É uma dinâmica que se assemelha a algumas experiências gastronômicas.

Definitivamente não por culpa dos profissionais que idealizam e executam experiências sensoriais complexas e, por vezes, transformadoras – mas porque tem muita garça mentirosa por aí. E o menino, no afã de viver algo inédito, tende a procurar intenção, novidade, narrativa em qualquer coisa (e a qualquer custo).

Nos fundos do Sips, eleito o melhor bar do mundo no ano passado pelo 50 Best, existe um universo paralelo assim: um ‘bar dentro do bar’ em que o único produto é um menu degustação etílico.

É preciso atravessar o salão principal, que funciona com pouquíssima iluminação, para encontrar o portal. Um longo e sufocante corredor encortinado com tiras finas de PVC semitranslúcidas.

Quando os olhos se habituam à luz fria do ambiente, você se vê num segundo salão envolto pelas mesmas cortinas e lados simétricos, cada um com um balcão para a montagem das 10 etapas do menu e seis postos de degustação. Há dois turnos de serviço: às 19 hs e 21 hs. (Você sai dali para jantar em outro lugar na sequência.)

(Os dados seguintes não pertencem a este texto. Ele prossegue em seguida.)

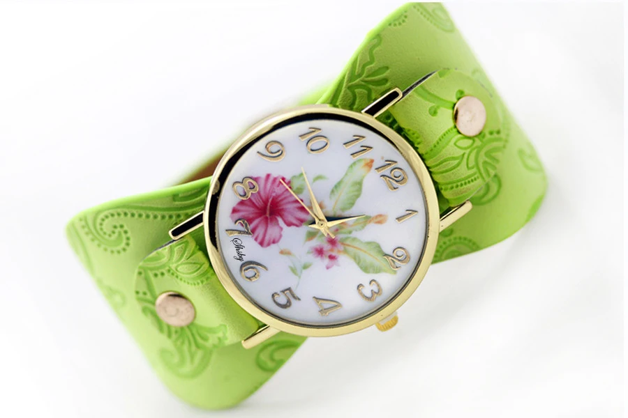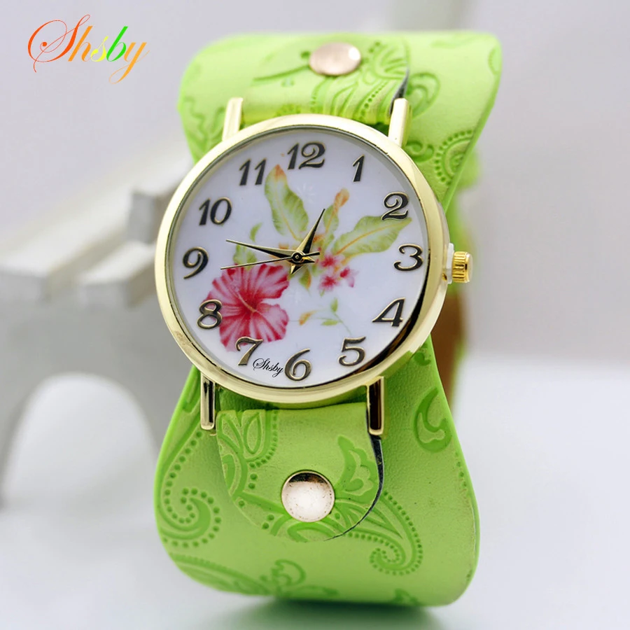 Shsby Новое поступление наручные часы с кожаным браслетом с принтом часы с широким ремешком платье часы с цветами Модные женские повседневные часы подарок для девушки
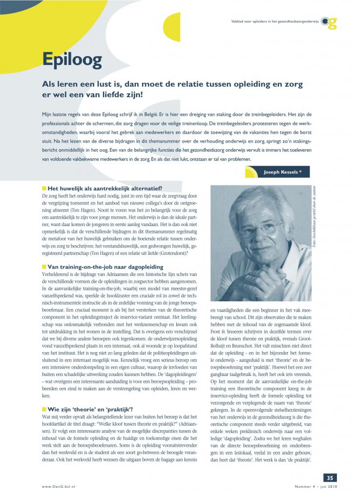 Kessels, J.W.M. (2010). Als leren een lust is, dan moet de relatie tussen opleiding en zorg er wel een van liefde zijn! Onderwijs en Gezondheidszorg. (4) 35 – 36. (ISSN 0920-8100)
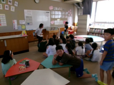 国語は図書です。図書の先生が読み聞かせをしてくれるので集まっていました。今日はどんなお話だったかな?

Caem do teto pintado com aquarelas azuis e brancas dezenas de luminárias prateadas — longas, finas e cilíndricas — que formam pequenos focos de luz amarelada nos balcões. O lugar toca uma música tranquila e indiscriminada, estilo “Lo-Fi para estudar.”

Primeiro chega o dispensável ‘cardápio’. Uma peça de plástico made in impressora 3D que imita uma esponja-do-mar (seguindo o tema marinho do salão). Ao olhar por uma das cavidades, é possível ler algumas palavras que juntas não formam nenhuma frase.

E aí começa. A experiência, chamada Esencia, é dividida em cinco temas e apresentada como uma viagem: Tóquio, bosque nevado, Jerez, ácido fólico e teobromina (um estimulante cardíaco). 

O primeiro dos 10 drinques é o saquê com Porto branco, acompanhado por um acepipe de melão com missô que deve ser engolido de uma vez. Limpa as vias, refresca e te faz confiar no processo.

Na sequência, o Sips faz uma releitura do highball – geralmente um whisky com ginger ale ou uma soda cítrica qualquer.  Aqui, ele é feito com whisky defumado e soda de calamansi (uma fruta cítrica do Sudeste Asiático). Esfumaça a boca, não queima a garganta, e já te deixa nas cordas. Você oficialmente entra no clima.

Dali para frente, é fantasia. 

Da floresta gelada, vem uma bola de gelo espetada com folhinhas lambrecadas de mel. Lambidas as folhas, o barman despeja no mesmo recipiente uma dose a base de vinho com licores de musgo e resina que é tipo lamber uma árvore – se lamber uma árvore fosse bom.

O próximo drinque – extremamente amadeirado e gorduroso – é uma fusão de três variedades de Jerez (palo cortado, oloroso e amontillado) harmonizada com pasta e azeite de avelã e escamas de sal Maldon.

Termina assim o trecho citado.